Очень милую картинку мирного жития в одном из деникинских учреждений нарисовала «Вольная Кубань», выяснив, кому в Екатеринодаре жить хорошо.[157]
«В Екатеринодаре, на Кирпичной улице, стоит бывшая женская гимназия. Директором этого приюта, — тьфу, начальником управления, ибо это управление отдела продовольствия особого совещания, — состоит в высшей степени любезный человек г. Мае лов. Он не любезен только к нашим храбрым командирам корпусов, дивизий и других боевых единиц, ибо это его перу принадлежит законопроект о превращении ген. Шкуро, Врангеля, Май-Маевского и др. в помещичьих приказчиков, ибо на них он хочет возложить расчеты с помещиками за собранное в этом году сено.
«Но г. Маслов, имеющий намерение заложить начальникам боевых частей за ухо карандаши и дать в руки, вместо остроконечной шашки и револьвера, приходные книги по помещичьим имениям и счеты, ко всем невоенным и нефронтовым, наоборот, очень предупредителен.
«Его штат служащих составляют дамы, и какие! Зайдите в его управление. Вы увидите там не меньше дам, чем увидел Чичиков на губернаторском балу, и услышите фразы: «- Графиня!

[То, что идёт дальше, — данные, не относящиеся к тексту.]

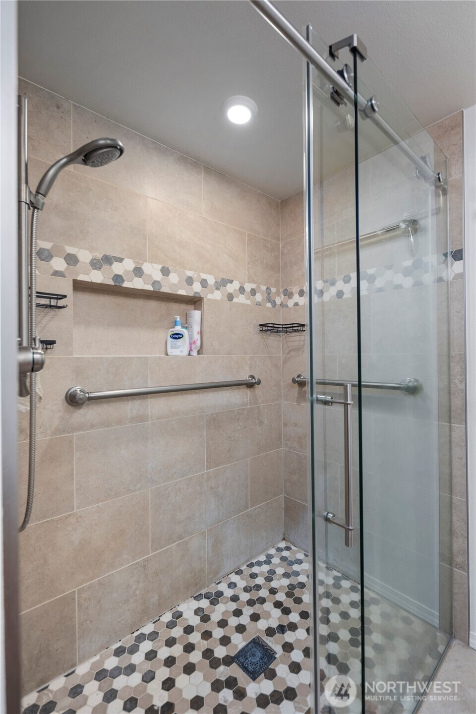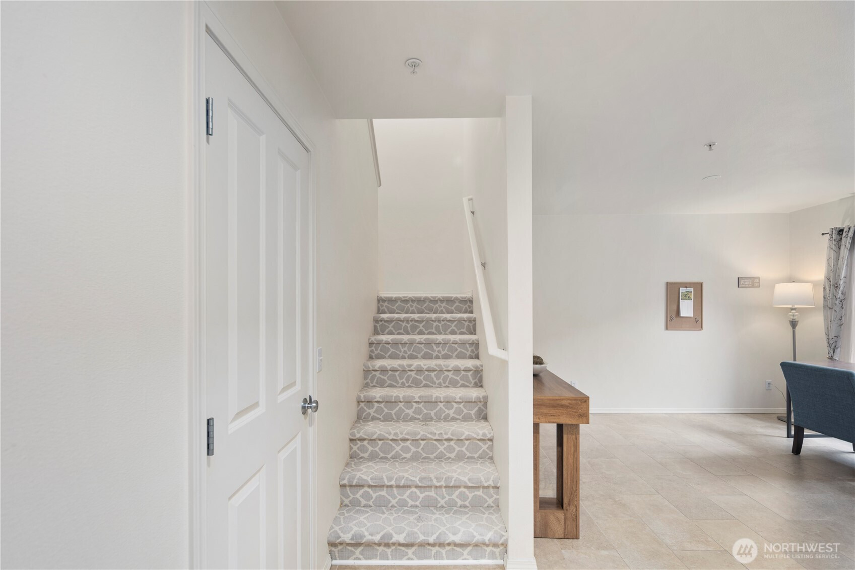 Light-filled and spacious two-story townhome in the gated Meadows at Riverview community. Soaring vaulted ceilings and large windows fill the home with natural light while showcasing peaceful greenbelt views. The open living and dining areas feature beautiful luxury vinyl plank flooring and a cozy gas fireplace, creating the perfect space for everyday living or entertaining. The updated kitchen offers granite countertops, stainless steel appliances, gas range with double oven, custom pantry with abundant storage, and a high bar ideal for entertaining. Rare main-level primary suite includes dual vanities with granite counters, updated cabinetry, walk-in tiled shower and walk-in closet. A bonus room with built in cabinet and convenient half bath complete the main level. Up the newly carpeted stairs you’ll find an additional bedroom, full bath, and loft space ideal for a home office, media room, or guest area. Enjoy your newly refurbished private deck overlooking lush greenery and views of the Cascades. Attached 2-car garage plus driveway parking. Convenient access to I-5, Hwy 167, shopping, parks, trails, and SeaTac Airport.

Не откажите переписать на машинке эту бумагу. — Княгиня, не будете ли вы так любезны достать дело № 123456-А. — Баронесса, не составит ли для вас труд дать справку по бумаге № 98765-Б. — Ваше высокопревосходительство! Вы ошиблись: ведь это входящая бумага, а вы записали ее в исходящий журнал».
«Ну, слава богу, — скажет читатель, — значит, графини и книгини начали зарабатывать себе хлеб!» — «И не только хлеб, подхватим мы, но и сахар, и спирт, и вино».
«Управление продовольствием. Цель существования этого учреждения лаконически выражена в самом его названии. Кого же оно продовольствует? Армию? Но у армии есть начальник снабжений, который исполняет свои обязанности. Население? Но ни жители Екатеринодара, ни население Кубанского края ровно ничего не получили и не получат от этого учреждения. Население освобожденных областей? Но заготовка продовольствия на Кубани находится в руках кубанского краевого правительства, и мы ничего не знаем о параллельных закупочных операциях управления продовольствием.
«Продовольственные органы мы привыкли видеть как центры заготовки и распределения продуктов питания среди населения и армии. В данном же случае мы встречаемся с особой разновидностью, до сих пор небывалой: управление продовольствием есть орган и получающий, и потребляющий.
«Спросите раненых, спросите фронт, спросите тыл, спросите население, давно ли они видели сахар и ощущали его вкус. Увы, ответ будет самый плачевный. Но спросите любого из многочисленных служащих управления продовольствием, и они ответят, что получают по пуду на человека в месяц. Сладко живется в отделе продовольствия. Но не только сладко, а и весело, ибо все служащие ежемесячно получают спирт, вино и другие недосягаемые для раненых, больных, для бойцов вещи. Мы только рекомендуем г. Маслову изменить название. «Отдел продовольствия служащих управления особого совещания» — это было бы вернее и не вводило бы в заблуждение».